Avatar Creepy_Family
- Ja coś bym w sumie przekąsił... Chociaż nie jestem tak bardzo głodny. - Yukki usiadł na krzesełku w kuchni.

Avatar Abbei_The_Toy_Maker
Właścicielka
Pigwapodała każdemu ładną porcję pierogów. Eleazar przysiadł przy stole i westchnął ciężko.
- Zaparzyłabyś mi melisy? Tak naprawdę dużo, proszę... - rzucił prawie błagalnym głosem, pełnym zmęczenia. - Bo jak nie to chyba pół domu rozniosę...

Avatar Creepy_Family
Okularnik podszedł do niego i dotknął jego czoła zimnymi łapkami.
- Hmm... Musisz odpocząć Elu.

Avatar Abbei_The_Toy_Maker
Właścicielka
- Najpierw muszę dostać herbaty. - odrzekł, a jego czoło było jakoś dziwnie ciepłe, ale inaczej niżby było zagorączkowane. - Jeśli teraz się nie uspokoję, to wrócę do Królestwa, zatłukę Knighta i rozniosę resztę tego pieprzonego zamku w pył. Długo jeszcze?
Pigwa z lekkim rozbawieniem podała mu kubek i poczochrała go po nastroszonych włosach.

Avatar Creepy_Family
- Ymm... Za dużo agresji. - parsknął szarooki po czym wrócił na krzesełko i zajął się pierogami.

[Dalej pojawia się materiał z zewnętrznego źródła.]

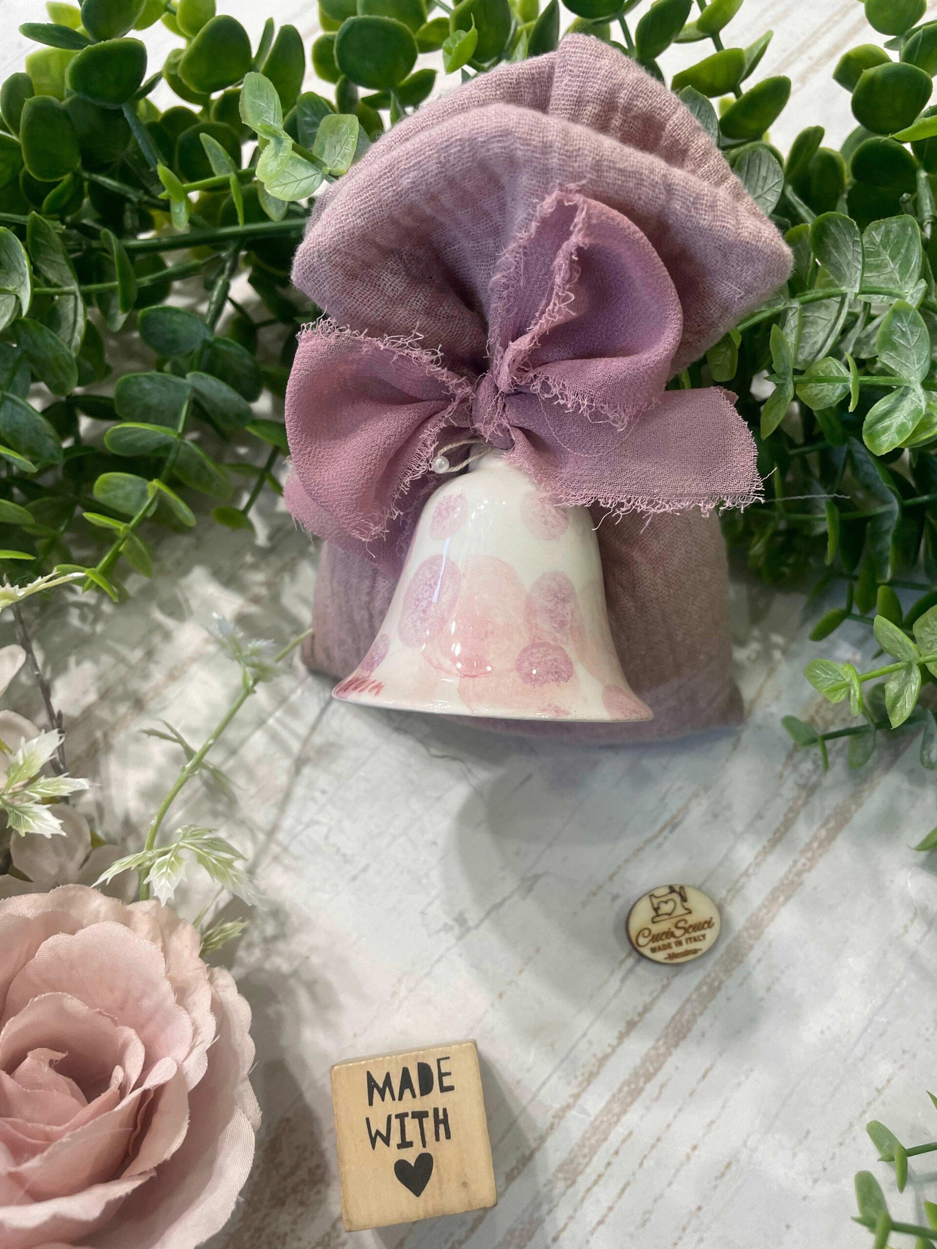 🔔 Campanella in Ceramica con Decoro Bolle di Sapone Rosa 🔔 by Nonna Rosa Art. R160.BS

Avatar Abbei_The_Toy_Maker
Właścicielka
Kubek Eleazara miał w sobie prawie litr herbatki, którą wampir wypił niemal w chwilę. Jeff zajadał wesoło pierogi.
- No, już mi trochę lepiej. - zawyrokował wampir i uśmiechnął się. - Chociaż znając życie jeszcze trochę będę chodził wkurzony.

Avatar Creepy_Family
- Jacie, jacie. - Yukki pokiwał głową. - Jak ty to szybko wypiłeś... No nie wierzę...

Avatar Abbei_The_Toy_Maker
Właścicielka
- E tam, gdybyś widział co kiedyś odwołał. - parsknął Jeff. - Pamiętasz jak ograłem pół Rebel, bo nie wyglądałeś na wampira?
- Myślałem, że twoja pamięć się ogranicza do ostatnich... piętnastu lat. Pamiętam, bo po tym miałem takiego kaca, że zamiast pić sok z kapusty siedziałem w morzu. - odrzekł Eleazar, przewracając oczami. - Wtedy to były fajne czasy...

Avatar Creepy_Family
Okularnik zaśmiał się i znowu skupił się bardziej na jedzeniu.

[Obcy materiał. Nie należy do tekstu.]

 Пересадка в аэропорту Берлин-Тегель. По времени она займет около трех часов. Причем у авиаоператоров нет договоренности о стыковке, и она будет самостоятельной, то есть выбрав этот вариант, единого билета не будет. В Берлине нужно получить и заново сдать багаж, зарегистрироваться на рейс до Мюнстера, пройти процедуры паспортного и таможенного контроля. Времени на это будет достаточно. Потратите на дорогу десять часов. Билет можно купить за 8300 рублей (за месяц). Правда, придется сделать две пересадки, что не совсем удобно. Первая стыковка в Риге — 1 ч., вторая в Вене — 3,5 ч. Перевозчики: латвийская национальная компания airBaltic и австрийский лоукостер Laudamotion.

Avatar Abbei_The_Toy_Maker
Właścicielka
- Oj, wtedy to się schlać rzeczywiście można było. Dziś dziećmi i kochasiami się trzeba zajmować, to nie godzi pić w takich ilościach. Przypomnij mi, ile to było wina?
- Cały antałek. A pamiętam nawet, jak cię zacząłem mylić z Mary. Jesteście podobne cholery, bez urazy.

Avatar Creepy_Family
Yukki, widocznie rozbawiony, z buzią wypełnioną pierogami, spojrzał na Eleazara po czym na Jeffa.
- Aż tak tęsknicie za tamtymi czasami? Ja na przykład nie lubie pić, bo strasznie szybko bym się upił. - stwierdził po namyśle, zjadając wpierw pierogi z buzi.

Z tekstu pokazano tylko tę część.